There is a separate part of it studying specifically human behaviour and mind.
However, there is absolutely no any definition of how exactly human behaviour and mind different from non-human ones and how to separate one from another.
So, psychology can't even give an answer to the very basic question that obviously should precede any further study - is some person mind and behaviour human or non-human?
Psychology could have been very useful instrument to detect those with non-human behaviour and mind among us with scientific precision, but it was purposedly turned into pseudoscience bullshit to not even allow that question.
How many times was Alexandria burned down / destroyed?
Why was the wayback machine hacked and then DDOSed...
Do we? If we forgot how would we know? (Atlantis, Akashic Records, Rosetta Stone, Emerald Tablets)
100% agree.
Esoteric vs Exoteric
Let's look at Mathematics as an example of this.
Basic Arithmetic ( 1 + 1 = 2) is Exoteric
Calculus and advanced Geometry = Esoteric
I digress...
Psychology was neutered heavily, and doesn't analyze the deeper more spiritual aspects of our humanity.

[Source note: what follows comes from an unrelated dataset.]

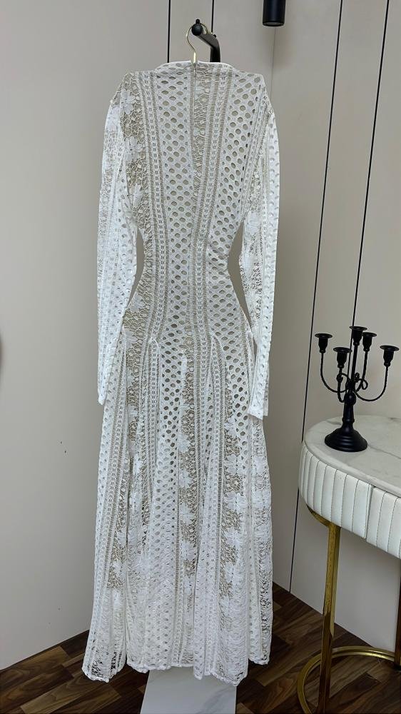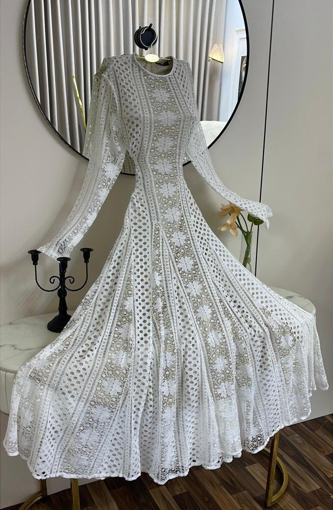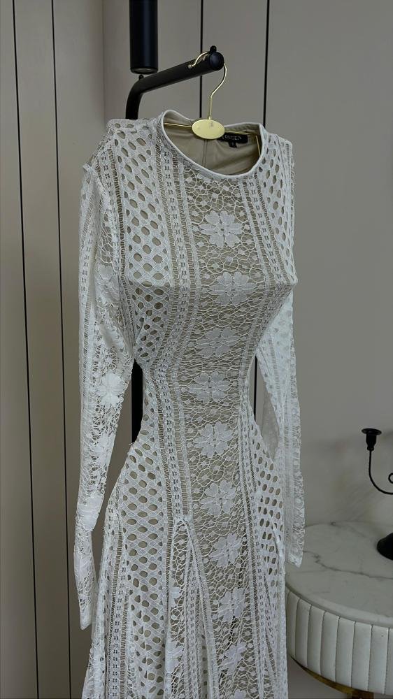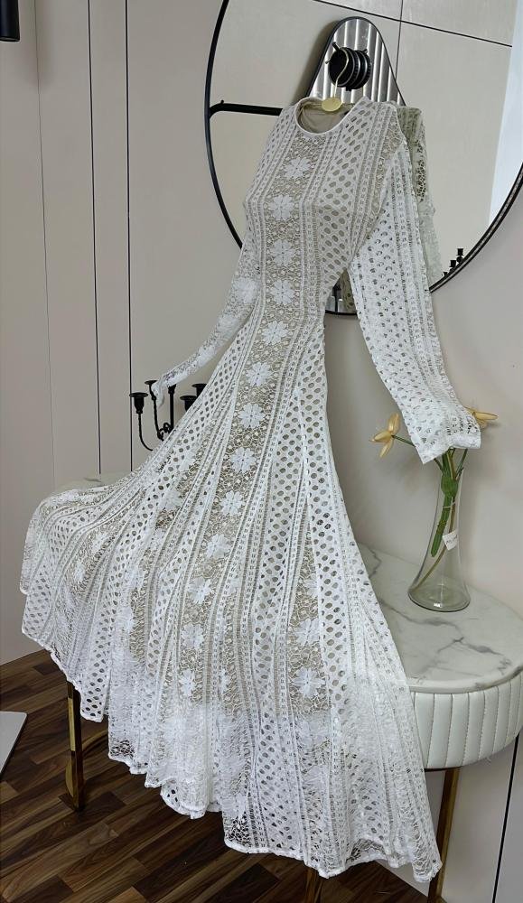 يتميز بقصّة انسيابية تنساب برقة مع الحركة، بينما تضيف النقوش الدانتيلية لمسة فاخرة تعكس ذوقاً رفيعاً. الأكمام الطويلة والتصميم المتوازن يمنحانك حضوراً هادئاً لكنه لافت، ليكون خياراً مثالياً للمناسبات الراقية، حفلات الخطوبة، أو الإطلالات التي تتطلب فخامة ناعمة.

How can one know what the software of the computer looks like by looking at only the BIOS, or worse observing the computer hardware only. The computer hardware can't show one what software is currently running and how it looks as an interface on a screen, monitor or terminal.
IMO Pyschology has become what is the Windows operating system of that practice, without acknowledging Linux, Router OS, MacOS (BSD) or Cisco OS. Studying the WIndows operating system is fine, but Windows doesn't run the internet or smart phones. Therefore its a very narrowed field, that doesn't look at the whole picture of the psych. (sorry for shitty analogy)
Exactly, that's why a materialist approach to psychology doesn't work. You can't appeal to nature (hardware) to show you what the software (mind, soul) is. This is most evident in the field of ethics - looking at nature can't tell you what's right or wrong - it just is. Only a evaluation by a mind that has conception of morality can do that and concepts are not found in the material world or subject to empirical observation.
The bias of the observer is also important. How I perceive something will be differently than how you perceive something.